EXTRACTED DATA ::
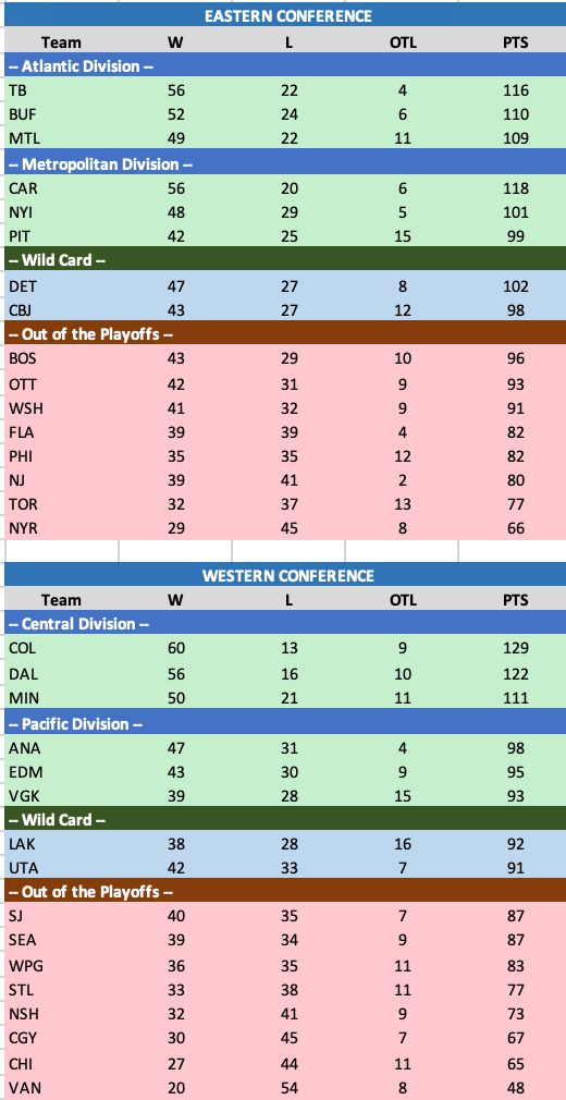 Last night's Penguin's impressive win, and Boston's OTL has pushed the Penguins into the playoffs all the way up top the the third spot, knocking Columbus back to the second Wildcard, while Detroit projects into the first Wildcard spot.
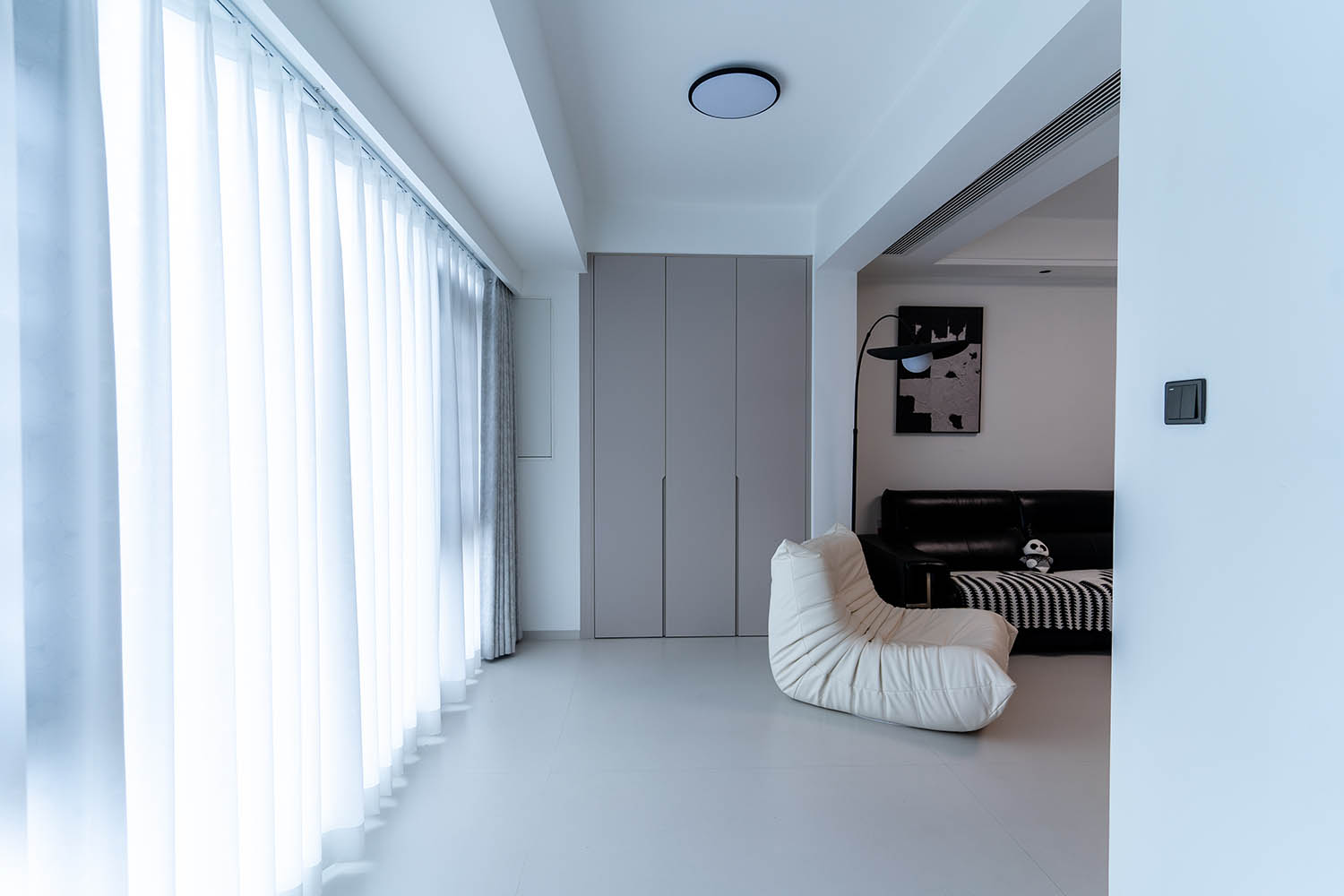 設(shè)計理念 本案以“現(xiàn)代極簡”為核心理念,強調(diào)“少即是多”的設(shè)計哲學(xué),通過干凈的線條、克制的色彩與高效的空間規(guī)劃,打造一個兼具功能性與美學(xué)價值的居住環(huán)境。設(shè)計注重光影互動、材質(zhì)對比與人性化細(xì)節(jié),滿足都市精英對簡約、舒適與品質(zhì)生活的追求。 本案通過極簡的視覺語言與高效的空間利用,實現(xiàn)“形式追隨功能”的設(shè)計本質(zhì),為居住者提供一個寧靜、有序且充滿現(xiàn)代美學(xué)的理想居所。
==
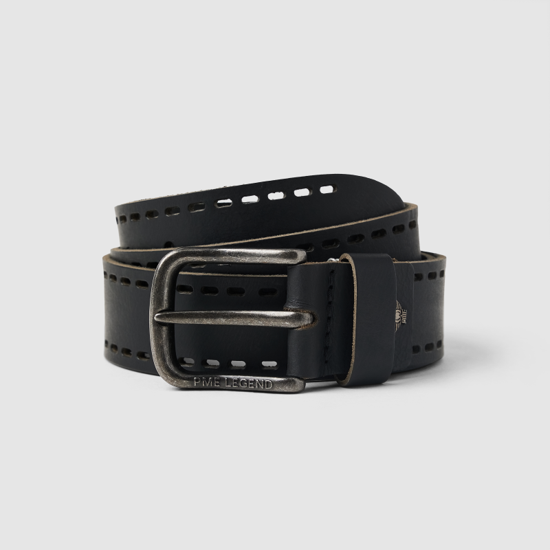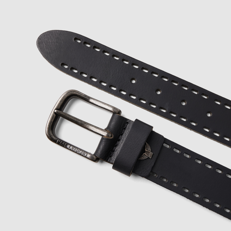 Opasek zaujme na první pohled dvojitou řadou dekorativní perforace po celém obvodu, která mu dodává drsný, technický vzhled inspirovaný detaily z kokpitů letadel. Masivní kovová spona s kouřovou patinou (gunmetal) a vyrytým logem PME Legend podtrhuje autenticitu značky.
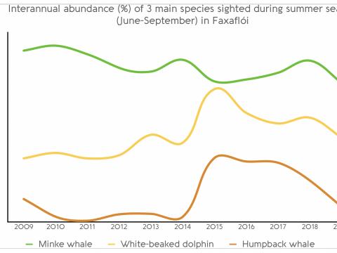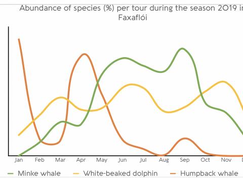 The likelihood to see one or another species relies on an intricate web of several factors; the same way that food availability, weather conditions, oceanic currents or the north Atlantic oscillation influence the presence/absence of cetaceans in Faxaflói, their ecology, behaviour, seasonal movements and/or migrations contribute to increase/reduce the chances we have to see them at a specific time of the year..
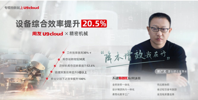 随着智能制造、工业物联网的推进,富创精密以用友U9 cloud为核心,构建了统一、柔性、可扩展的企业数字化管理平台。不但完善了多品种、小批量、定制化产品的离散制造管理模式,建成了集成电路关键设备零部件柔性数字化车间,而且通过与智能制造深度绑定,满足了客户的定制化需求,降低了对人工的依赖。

EXERCISE BRIEF ::
Restate the lines above from the one containing "Opasek zaujme na" through the one containing "随着智能制造、工业物联网的推", inclusive, exactly and without pictures.

RESULT FOR THIS EXERCISE ::
 Opasek zaujme na první pohled dvojitou řadou dekorativní perforace po celém obvodu, která mu dodává drsný, technický vzhled inspirovaný detaily z kokpitů letadel. Masivní kovová spona s kouřovou patinou (gunmetal) a vyrytým logem PME Legend podtrhuje autenticitu značky.
 The likelihood to see one or another species relies on an intricate web of several factors; the same way that food availability, weather conditions, oceanic currents or the north Atlantic oscillation influence the presence/absence of cetaceans in Faxaflói, their ecology, behaviour, seasonal movements and/or migrations contribute to increase/reduce the chances we have to see them at a specific time of the year..
 随着智能制造、工业物联网的推进,富创精密以用友U9 cloud为核心,构建了统一、柔性、可扩展的企业数字化管理平台。不但完善了多品种、小批量、定制化产品的离散制造管理模式,建成了集成电路关键设备零部件柔性数字化车间,而且通过与智能制造深度绑定,满足了客户的定制化需求,降低了对人工的依赖。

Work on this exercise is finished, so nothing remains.